Supplied material:
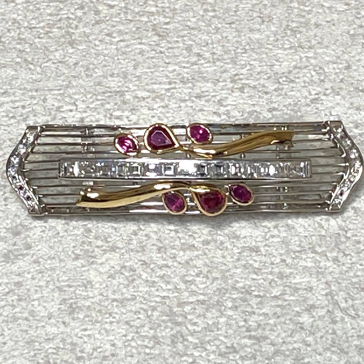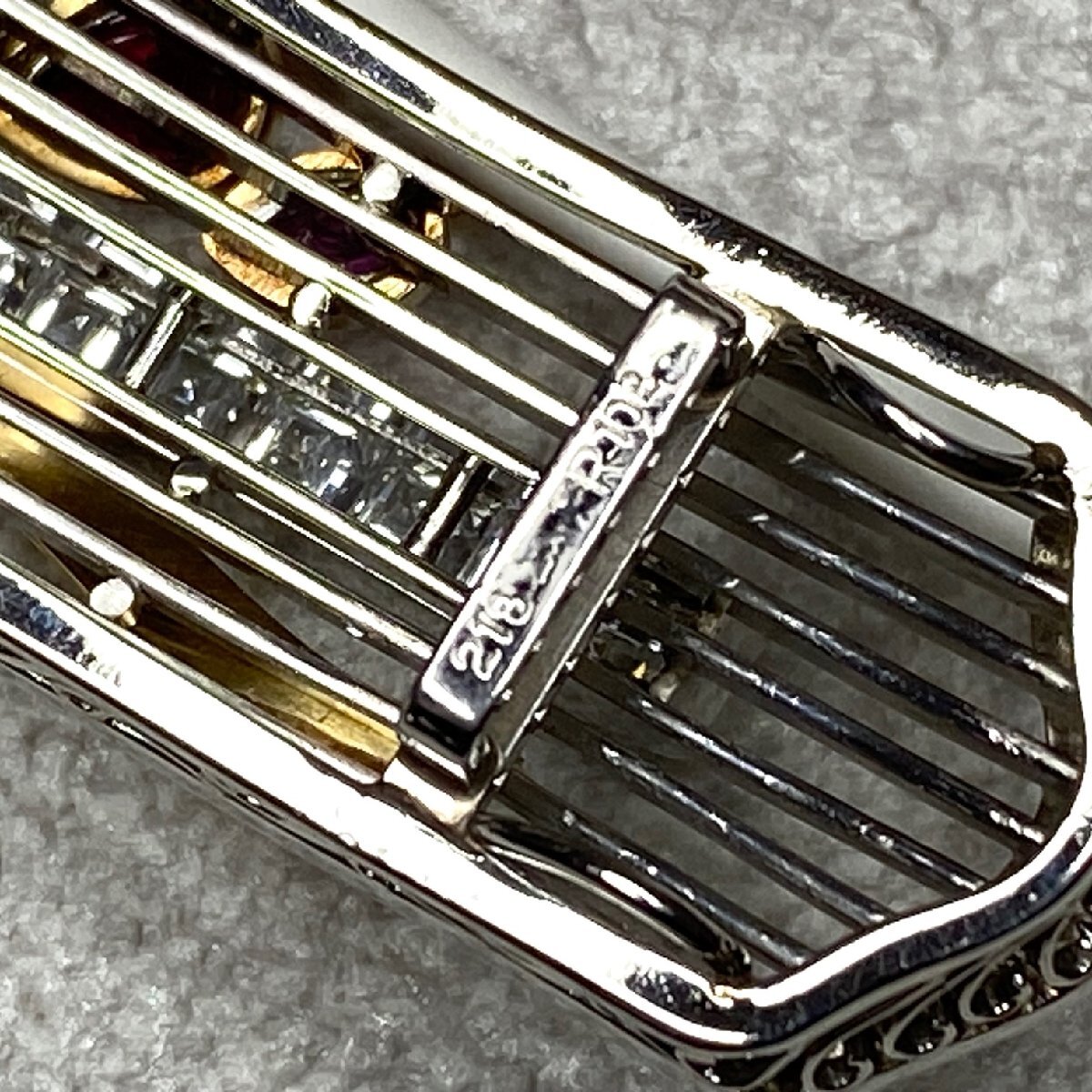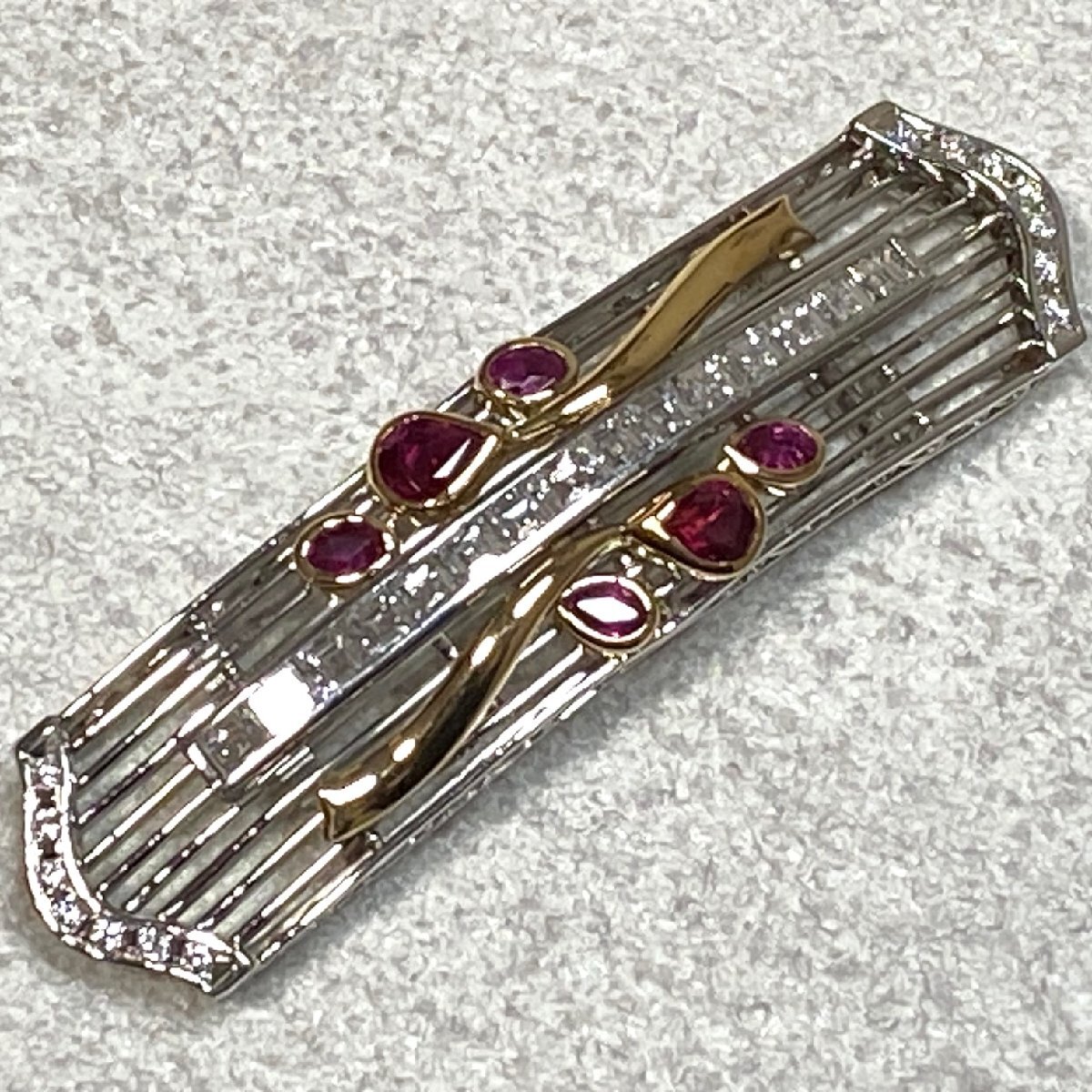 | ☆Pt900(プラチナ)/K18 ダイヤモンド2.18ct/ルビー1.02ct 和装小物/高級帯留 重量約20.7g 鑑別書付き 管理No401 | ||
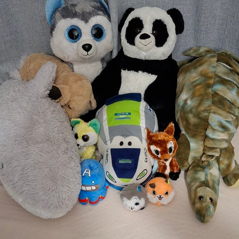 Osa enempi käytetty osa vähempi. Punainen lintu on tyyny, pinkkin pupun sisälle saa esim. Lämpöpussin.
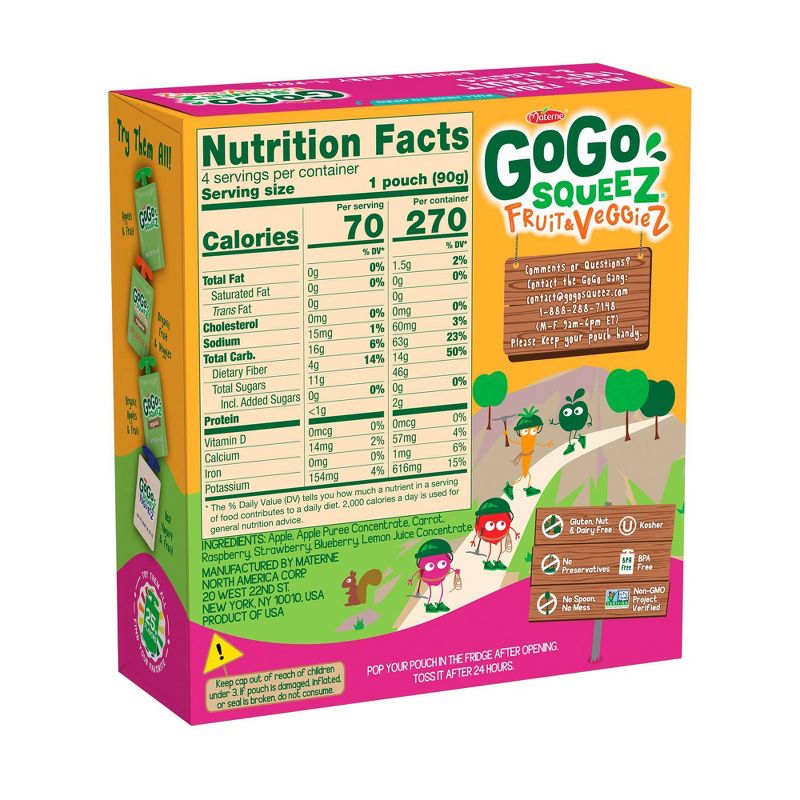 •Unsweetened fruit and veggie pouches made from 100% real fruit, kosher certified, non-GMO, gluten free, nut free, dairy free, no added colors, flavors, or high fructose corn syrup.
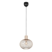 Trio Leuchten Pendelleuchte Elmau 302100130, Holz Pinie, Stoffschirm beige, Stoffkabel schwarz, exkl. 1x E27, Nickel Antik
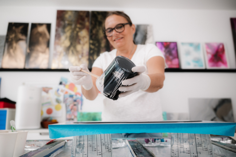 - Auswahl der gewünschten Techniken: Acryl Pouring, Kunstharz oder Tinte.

--

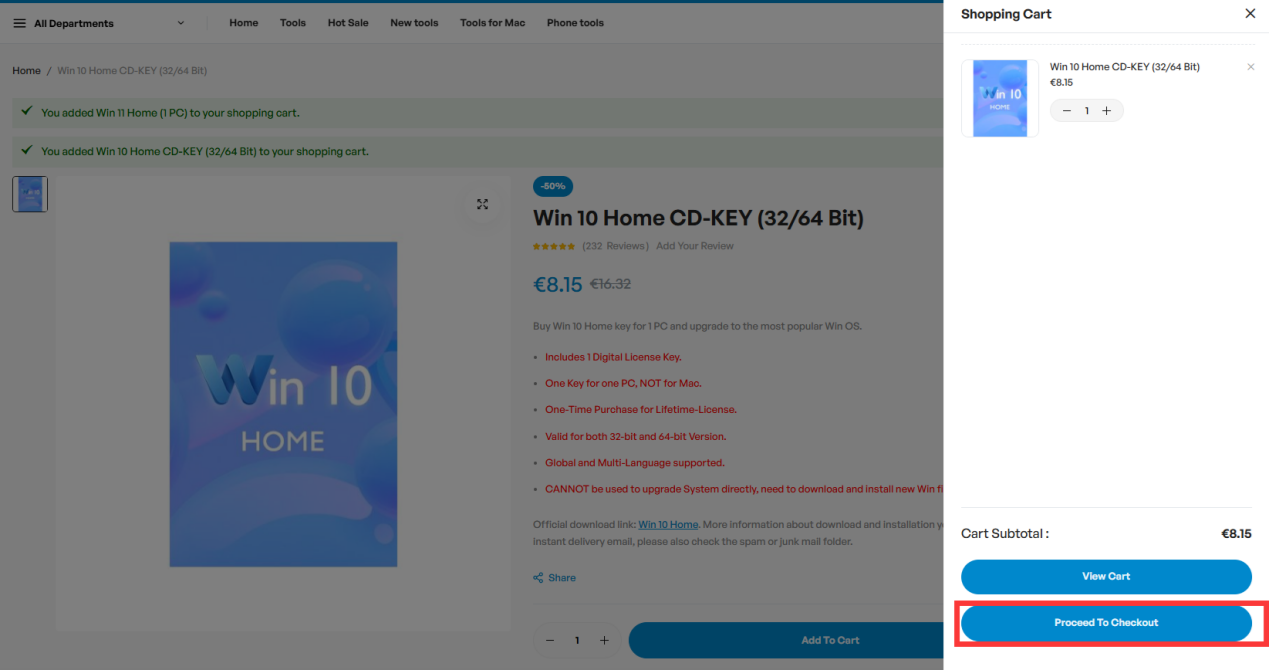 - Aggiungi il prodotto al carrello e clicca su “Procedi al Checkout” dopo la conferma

--

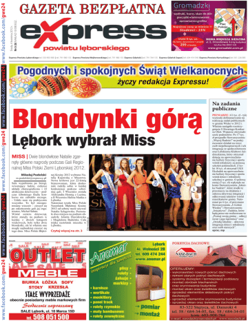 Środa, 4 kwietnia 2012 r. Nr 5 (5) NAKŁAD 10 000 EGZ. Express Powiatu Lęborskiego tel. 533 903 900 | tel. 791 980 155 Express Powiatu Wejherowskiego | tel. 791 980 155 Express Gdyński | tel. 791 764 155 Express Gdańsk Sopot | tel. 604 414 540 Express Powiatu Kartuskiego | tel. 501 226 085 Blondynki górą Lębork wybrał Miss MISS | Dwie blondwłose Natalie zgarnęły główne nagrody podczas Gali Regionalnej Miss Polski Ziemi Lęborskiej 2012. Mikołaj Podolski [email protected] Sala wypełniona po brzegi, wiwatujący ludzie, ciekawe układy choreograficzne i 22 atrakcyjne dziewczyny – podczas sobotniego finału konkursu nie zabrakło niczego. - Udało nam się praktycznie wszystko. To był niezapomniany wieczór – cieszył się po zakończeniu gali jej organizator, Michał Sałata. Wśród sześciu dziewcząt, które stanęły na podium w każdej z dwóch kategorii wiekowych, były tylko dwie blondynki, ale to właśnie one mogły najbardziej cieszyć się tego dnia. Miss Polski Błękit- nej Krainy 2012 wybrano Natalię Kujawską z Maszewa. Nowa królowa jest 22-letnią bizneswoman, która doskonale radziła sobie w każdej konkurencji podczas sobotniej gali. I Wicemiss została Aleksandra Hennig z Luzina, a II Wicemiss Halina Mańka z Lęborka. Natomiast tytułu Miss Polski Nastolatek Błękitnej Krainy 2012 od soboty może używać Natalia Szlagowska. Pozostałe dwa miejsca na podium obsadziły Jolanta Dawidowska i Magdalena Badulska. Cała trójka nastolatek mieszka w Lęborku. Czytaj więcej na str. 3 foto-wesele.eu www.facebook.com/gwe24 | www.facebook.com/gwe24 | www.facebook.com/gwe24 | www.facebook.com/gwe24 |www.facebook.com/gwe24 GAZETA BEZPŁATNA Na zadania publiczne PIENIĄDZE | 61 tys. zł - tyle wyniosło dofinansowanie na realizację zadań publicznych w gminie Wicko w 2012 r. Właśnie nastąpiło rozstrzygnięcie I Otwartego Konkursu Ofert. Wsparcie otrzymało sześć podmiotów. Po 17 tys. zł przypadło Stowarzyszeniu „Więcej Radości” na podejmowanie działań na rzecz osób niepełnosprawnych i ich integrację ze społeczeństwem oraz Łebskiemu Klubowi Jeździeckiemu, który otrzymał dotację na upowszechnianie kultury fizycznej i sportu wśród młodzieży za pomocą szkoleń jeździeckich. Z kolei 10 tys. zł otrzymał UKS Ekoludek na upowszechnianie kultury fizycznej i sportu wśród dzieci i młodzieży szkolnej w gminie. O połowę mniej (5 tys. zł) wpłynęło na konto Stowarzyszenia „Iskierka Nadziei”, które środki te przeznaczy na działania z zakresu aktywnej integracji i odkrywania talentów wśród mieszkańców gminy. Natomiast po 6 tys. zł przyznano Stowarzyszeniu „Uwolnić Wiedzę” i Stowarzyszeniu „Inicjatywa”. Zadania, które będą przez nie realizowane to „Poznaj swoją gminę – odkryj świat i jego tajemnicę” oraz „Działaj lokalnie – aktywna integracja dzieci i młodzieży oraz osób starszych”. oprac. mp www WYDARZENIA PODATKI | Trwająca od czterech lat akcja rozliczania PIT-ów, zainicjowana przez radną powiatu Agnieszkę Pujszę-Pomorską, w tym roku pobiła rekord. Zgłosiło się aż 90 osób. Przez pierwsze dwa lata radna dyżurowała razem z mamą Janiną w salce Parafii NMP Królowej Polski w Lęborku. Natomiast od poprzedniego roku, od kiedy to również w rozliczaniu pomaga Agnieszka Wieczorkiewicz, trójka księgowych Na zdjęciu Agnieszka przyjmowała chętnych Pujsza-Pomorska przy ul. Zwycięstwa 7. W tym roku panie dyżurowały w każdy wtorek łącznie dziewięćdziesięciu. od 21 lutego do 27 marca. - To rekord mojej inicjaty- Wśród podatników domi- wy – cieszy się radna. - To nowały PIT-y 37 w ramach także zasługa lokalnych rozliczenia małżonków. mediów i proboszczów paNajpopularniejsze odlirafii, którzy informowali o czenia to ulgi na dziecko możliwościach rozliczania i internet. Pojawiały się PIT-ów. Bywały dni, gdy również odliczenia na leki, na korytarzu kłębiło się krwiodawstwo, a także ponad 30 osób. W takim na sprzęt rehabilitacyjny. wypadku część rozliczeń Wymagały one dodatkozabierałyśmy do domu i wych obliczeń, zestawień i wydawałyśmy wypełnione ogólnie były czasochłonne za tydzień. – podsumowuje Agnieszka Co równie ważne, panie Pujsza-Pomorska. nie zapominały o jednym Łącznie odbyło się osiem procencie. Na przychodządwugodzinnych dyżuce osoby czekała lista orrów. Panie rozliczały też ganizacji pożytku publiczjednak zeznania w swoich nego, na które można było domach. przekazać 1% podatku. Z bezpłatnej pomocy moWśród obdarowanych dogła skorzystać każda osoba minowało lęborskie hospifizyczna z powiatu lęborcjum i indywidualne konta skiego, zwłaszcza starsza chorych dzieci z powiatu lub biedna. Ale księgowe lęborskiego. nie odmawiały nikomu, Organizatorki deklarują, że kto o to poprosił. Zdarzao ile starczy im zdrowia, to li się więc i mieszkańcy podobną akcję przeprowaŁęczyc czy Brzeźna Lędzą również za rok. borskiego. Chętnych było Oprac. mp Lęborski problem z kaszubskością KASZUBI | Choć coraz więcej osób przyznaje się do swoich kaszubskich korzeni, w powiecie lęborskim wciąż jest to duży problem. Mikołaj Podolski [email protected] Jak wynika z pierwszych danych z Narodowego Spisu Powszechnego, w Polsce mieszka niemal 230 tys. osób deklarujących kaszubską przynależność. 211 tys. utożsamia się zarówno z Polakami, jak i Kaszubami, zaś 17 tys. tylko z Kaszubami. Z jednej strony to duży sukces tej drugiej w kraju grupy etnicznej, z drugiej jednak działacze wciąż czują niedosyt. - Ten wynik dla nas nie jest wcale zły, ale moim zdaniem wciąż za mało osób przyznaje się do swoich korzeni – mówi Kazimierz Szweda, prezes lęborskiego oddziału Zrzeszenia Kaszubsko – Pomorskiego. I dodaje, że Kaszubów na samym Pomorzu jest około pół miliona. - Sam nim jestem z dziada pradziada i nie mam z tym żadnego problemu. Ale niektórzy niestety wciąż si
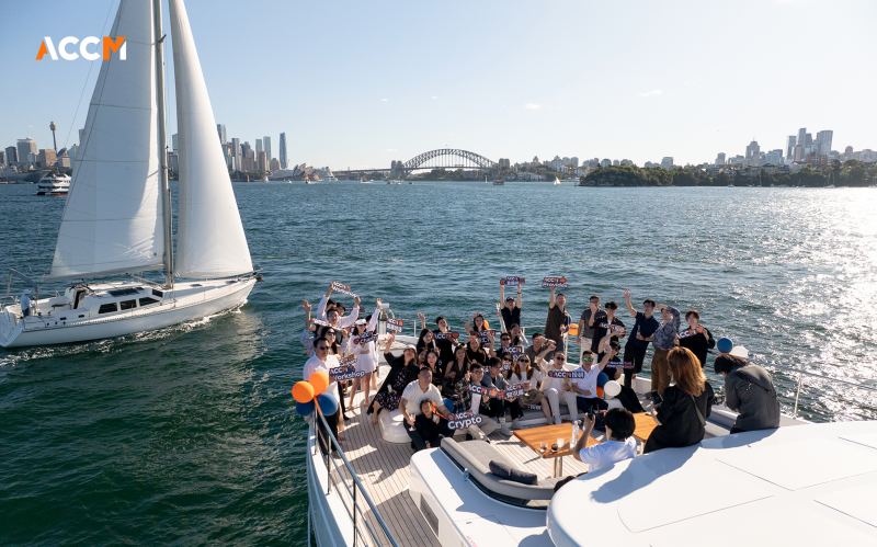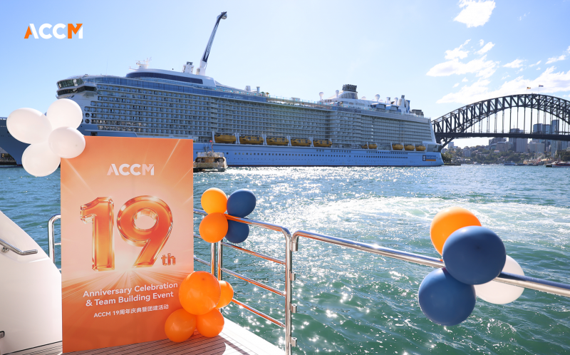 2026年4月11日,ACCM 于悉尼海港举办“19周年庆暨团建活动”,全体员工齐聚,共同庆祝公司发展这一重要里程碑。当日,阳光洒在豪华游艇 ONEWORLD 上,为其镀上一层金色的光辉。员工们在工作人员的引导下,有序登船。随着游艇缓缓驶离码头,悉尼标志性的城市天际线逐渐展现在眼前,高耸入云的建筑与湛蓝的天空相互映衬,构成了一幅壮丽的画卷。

The task:
Reproduce the data above exactly, but only from the line containing "管理No401 | ||" through the line containing "- Auswahl der". Omit all pictures.

Task solution:
 | ☆Pt900(プラチナ)/K18 ダイヤモンド2.18ct/ルビー1.02ct 和装小物/高級帯留 重量約20.7g 鑑別書付き 管理No401 | ||
 Osa enempi käytetty osa vähempi. Punainen lintu on tyyny, pinkkin pupun sisälle saa esim. Lämpöpussin.
 •Unsweetened fruit and veggie pouches made from 100% real fruit, kosher certified, non-GMO, gluten free, nut free, dairy free, no added colors, flavors, or high fructose corn syrup.
 Trio Leuchten Pendelleuchte Elmau 302100130, Holz Pinie, Stoffschirm beige, Stoffkabel schwarz, exkl. 1x E27, Nickel Antik
 - Auswahl der gewünschten Techniken: Acryl Pouring, Kunstharz oder Tinte.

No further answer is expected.